Reproduce all of the records word for word, omitting the pictures.

Dataset records
★ ★ ★ ★

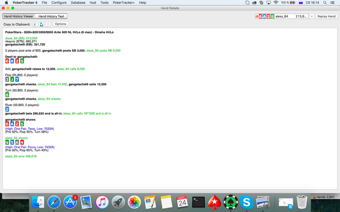 Но приходит очень интересный ривер. Эта ситуация мне показалась стандартной, так как по идее в диапозоне бб очень мало А4, по крайней мере большинство в 30бб должны лететь оллин на префлопе еще. Ну и плюс у меня какой-то блокер на А. Только я не учел что этот чувак вообще ниразу меня не трибетнул за все время впринципе, то есть там вполне могут быть и А4. Даже с учетом возможного наличия А4 вроде как околонулевая или слегка плюсовая(по фишкам)
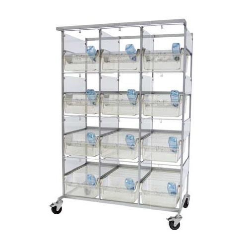 Стеллаж для клеток типа 4 с ручкой от Zoonlab – это высококачественное оборудование, предназначенное для эффективного хранения и транспортировки лабораторных клеток. Изготовлен из нержавеющей стали AISI 304, что обеспечивает высокую коррозионную стойкость и долговечность. Стеллаж рассчитан на 12 клеток, размещенных на 4 уровнях, что позволяет рационально использовать пространство в виварии. Оснащен 4 роликами диаметром 100 мм, из которых 2 имеют механизм блокировки, что обеспечивает удобство перемещения и стабильность при использовании. Расстояние между нижней гранью и полом составляет 305 мм, что облегчает процесс загрузки и выгрузки клеток.
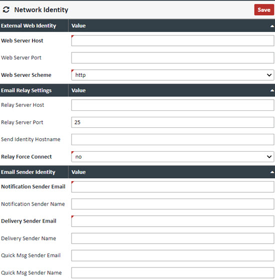 The External Web Identity section sets the parameters that allow you to publish links in email notifications. All links to documents in email notifications will be published using the information in this section of the page.
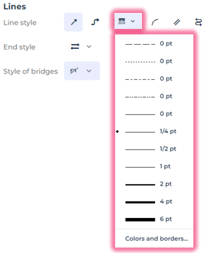 5. In the Lines section, use the drop-down lists to modify the line:
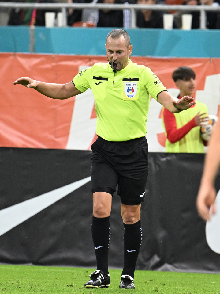Descriere: Arbitrul central Ionut Coza reacționează in meciul dintre FCSB si Otelul Galati, contand pentru Superliga Superbet, desfasurat pe Arena Nationala din Bucuresti, duminica 28 septembrie 2025. © FOTO:Razvan Pasarica/SPORT PICTURES
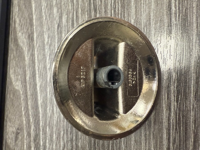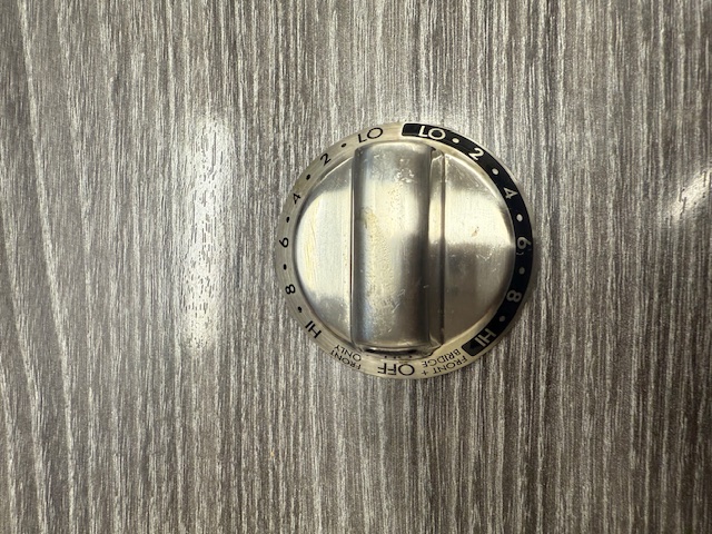 This control knob is stainless in color and is made of metal with black markings for a Bridge element. This part lets you control the heat of the surface burner on the range.
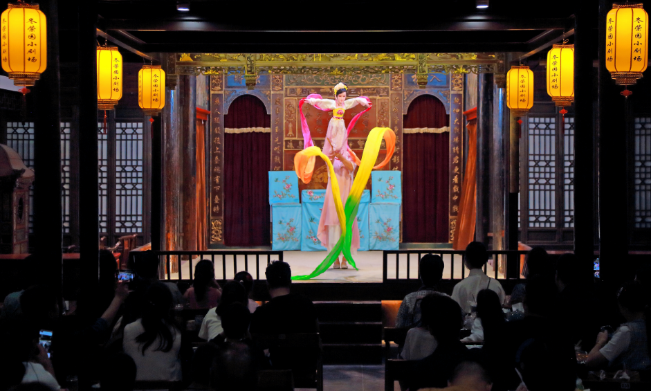 虽然小剧场座位少、场地小,但演员和观众互动性则进一步增强,也更具有代入感和震撼力。近半年,小剧场在扬州古城提速发展,东关街区陆续推出冬荣园、长乐客栈芍药园子三处小剧场及新开放的潘玉良纪念馆小剧场。
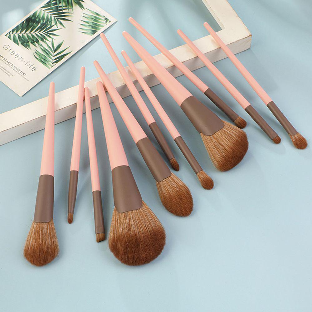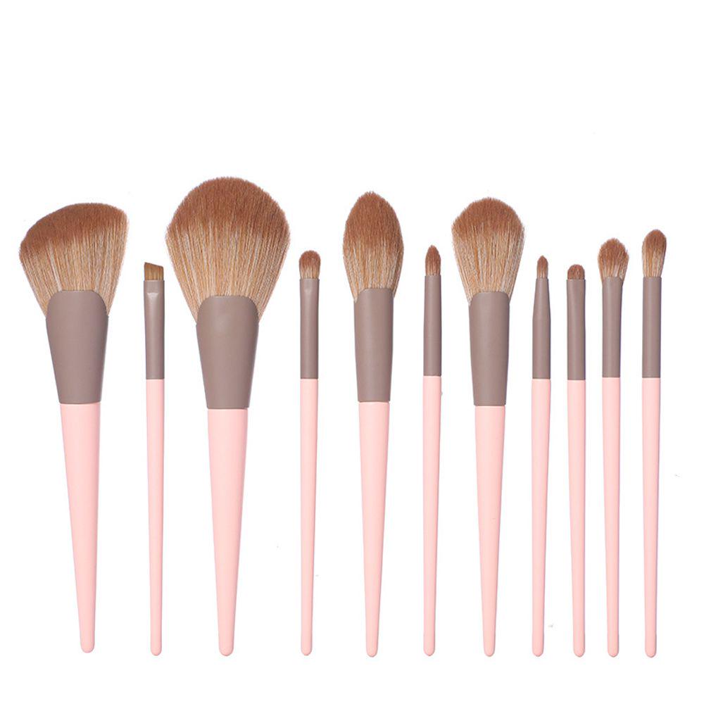 11pcs Pink Small Pudding Wooden Handle Makeup Brush Set Multi-function Beauty Tools with Pack
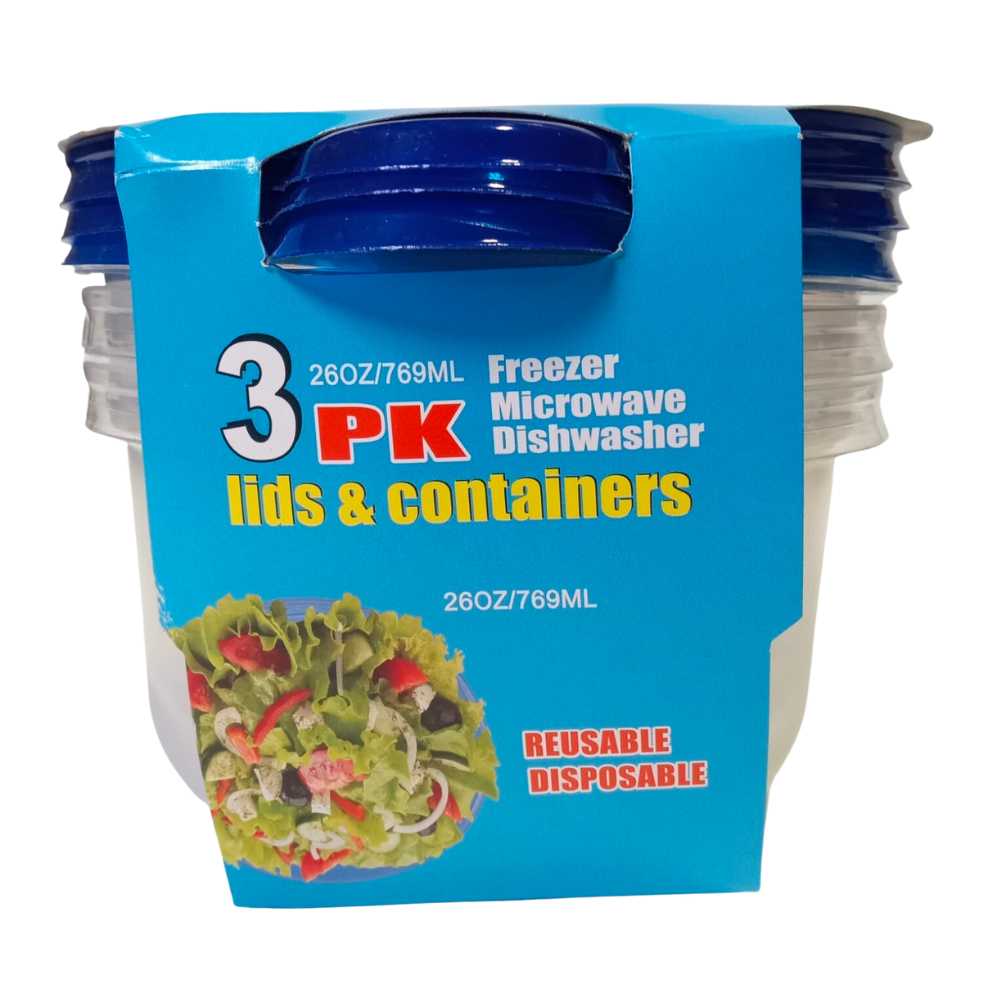 Optimize your food storage with our 26oz Plastic Containers, available in a 3-Pack. These versatile containers are designed to withstand freezer, microwave, and dishwasher use, making them perfect for meal prep, leftovers, or taking lunch on the go. Made from durable, high-quality plastic, they ensure your food stays fresh while providing easy cleanup. Simplify your kitchen storage needs with our 26oz Plastic Containers.
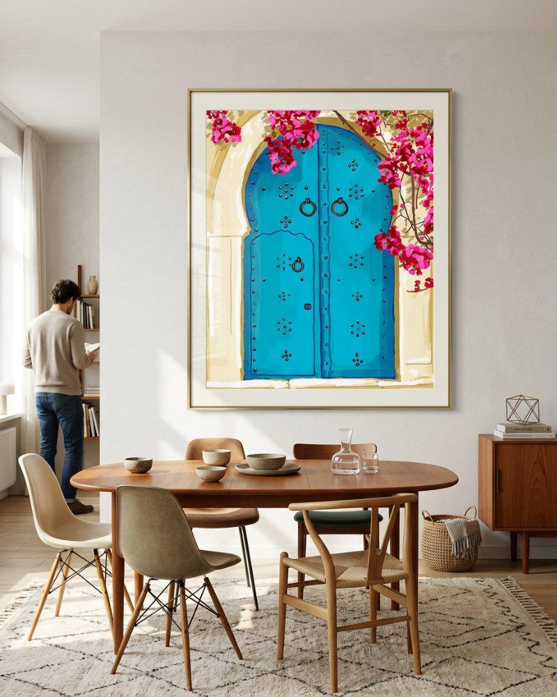 Made to live with you — not just hang on your wall. For spaces that want to feel alive, not just styled.Step into a world where color, culture, and charm collide. “Palace Door” captures the magic of wandering sun-washed streets and stumbling upon a doorway that feels like an invitation into another life. The vivid turquoise door, studded with ornate details, stands boldly against warm sand-toned walls, while cascades of fuchsia bougainvillea soften the scene with a touch of romance. This artwork brings a burst of Mediterranean warmth and wanderlust into any space—perfect for brightening entryways, living rooms, or any corner craving a pop of joyful color. A beautiful reminder that every door holds a story—and some lead straight to paradise.
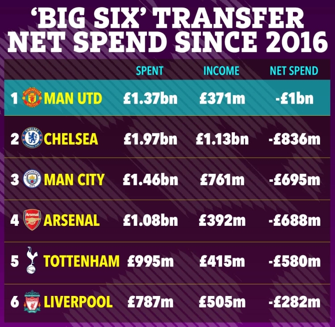 1、曼聯(lián):支出13.7億;收入3.71億;凈支出10億

★ ★ ★ ★

## Solved problem
 Но приходит очень интересный ривер. Эта ситуация мне показалась стандартной, так как по идее в диапозоне бб очень мало А4, по крайней мере большинство в 30бб должны лететь оллин на префлопе еще. Ну и плюс у меня какой-то блокер на А. Только я не учел что этот чувак вообще ниразу меня не трибетнул за все время впринципе, то есть там вполне могут быть и А4. Даже с учетом возможного наличия А4 вроде как околонулевая или слегка плюсовая(по фишкам)
 Стеллаж для клеток типа 4 с ручкой от Zoonlab – это высококачественное оборудование, предназначенное для эффективного хранения и транспортировки лабораторных клеток. Изготовлен из нержавеющей стали AISI 304, что обеспечивает высокую коррозионную стойкость и долговечность. Стеллаж рассчитан на 12 клеток, размещенных на 4 уровнях, что позволяет рационально использовать пространство в виварии. Оснащен 4 роликами диаметром 100 мм, из которых 2 имеют механизм блокировки, что обеспечивает удобство перемещения и стабильность при использовании. Расстояние между нижней гранью и полом составляет 305 мм, что облегчает процесс загрузки и выгрузки клеток.
 The External Web Identity section sets the parameters that allow you to publish links in email notifications. All links to documents in email notifications will be published using the information in this section of the page.
 5. In the Lines section, use the drop-down lists to modify the line:
Descriere: Arbitrul central Ionut Coza reacționează in meciul dintre FCSB si Otelul Galati, contand pentru Superliga Superbet, desfasurat pe Arena Nationala din Bucuresti, duminica 28 septembrie 2025. © FOTO:Razvan Pasarica/SPORT PICTURES
 This control knob is stainless in color and is made of metal with black markings for a Bridge element. This part lets you control the heat of the surface burner on the range.
 虽然小剧场座位少、场地小,但演员和观众互动性则进一步增强,也更具有代入感和震撼力。近半年,小剧场在扬州古城提速发展,东关街区陆续推出冬荣园、长乐客栈芍药园子三处小剧场及新开放的潘玉良纪念馆小剧场。
 11pcs Pink Small Pudding Wooden Handle Makeup Brush Set Multi-function Beauty Tools with Pack
 Optimize your food storage with our 26oz Plastic Containers, available in a 3-Pack. These versatile containers are designed to withstand freezer, microwave, and dishwasher use, making them perfect for meal prep, leftovers, or taking lunch on the go. Made from durable, high-quality plastic, they ensure your food stays fresh while providing easy cleanup. Simplify your kitchen storage needs with our 26oz Plastic Containers.
 Made to live with you — not just hang on your wall. For spaces that want to feel alive, not just styled.Step into a world where color, culture, and charm collide. “Palace Door” captures the magic of wandering sun-washed streets and stumbling upon a doorway that feels like an invitation into another life. The vivid turquoise door, studded with ornate details, stands boldly against warm sand-toned walls, while cascades of fuchsia bougainvillea soften the scene with a touch of romance. This artwork brings a burst of Mediterranean warmth and wanderlust into any space—perfect for brightening entryways, living rooms, or any corner craving a pop of joyful color. A beautiful reminder that every door holds a story—and some lead straight to paradise.
 1、曼聯(lián):支出13.7億;收入3.71億;凈支出10億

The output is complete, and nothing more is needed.